Two-bristle greenhood
- Conservation status: Critically endangered (EPBC Act)

Scientific classification
- Kingdom: Plantae
- Clade: Tracheophytes
- Clade: Angiosperms
- Clade: Monocots
- Order: Asparagales
- Family: Orchidaceae
- Subfamily: Orchidoideae
- Tribe: Cranichideae
- Genus: Pterostylis
- Species: P. psammophila
- Binomial name: Pterostylis psammophila D.L.Jones R.J.Bates
- Synonyms: Oligochaetochilus psammophilus D.L.Jones

= Pterostylis psammophila =

- Genus: Pterostylis
- Species: psammophila
- Authority: D.L.Jones R.J.Bates
- Conservation status: CR
- Synonyms: Oligochaetochilus psammophilus D.L.Jones

Species of orchid

Pterostylis psammophila, commonly known as the two-bristle greenhood, is a plant in the orchid family Orchidaceae and is endemic to South Australia. Both flowering and non-flowering plants have a rosette of leaves and flowering plants have translucent green and white flowers with an insect-like labellum, but the flowers are only open for a few days.

==Description==
Pterostylis psammophila is a terrestrial, perennial, deciduous, herb with an underground tuber and a rosette of between six and sixteen overlapping leaves.
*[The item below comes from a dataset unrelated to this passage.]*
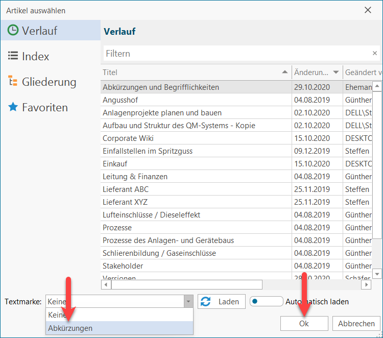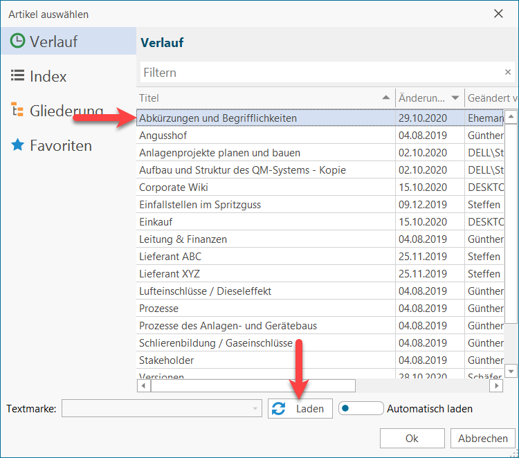 lexiCan öffnet daraufhin ein Dialogfenster. Wählen Sie den Artikel aus, in dem Sie die Textmarke eingefügt haben und klicken Sie auf "Laden".

The leaves are up to leaves are up to 50 mm long and have a serrated edge. Flowering plants have a rosette at the base of the flowering stem but the leaves are usually withered by flowering time. The flowers are green or translucent white but are short-lived and borne on a flowering stem usually about 150 mm high. The dorsal sepal and petals form a hood or "galea" over the column, the lateral sepals turn downwards and the labellum is insect-like with two long bristles on the "head" end. Flowering occurs between late August and October.

==Taxonomy and naming==
The two-bristle greenhood was first formally described in 2007 by D.L.Jones who gave it the name Oligochaeochilus psammophilus. The description was published in The Orchadian from a specimen collected near Cockatoo Valley. In 2008, Robert Bates changed the name to Pterostylis psammophila. The specific epithet (psammophila) is derived from the Ancient Greek ψάμμος (psámmos), meaning “sand” and φίλος (phílos), meaning “dear one" or "friend”.

==Distribution==
Pterostylis psammophila is only known from two populations near Lyndoch.

==Conservation==
Pterostylis psammophila is classified as "critically endangered" Environment Protection and Biodiversity Conservation Act 1999 (EPBC Act). The species is threatened by illegal collection, weed invasion and grazing by livestock and rabbits.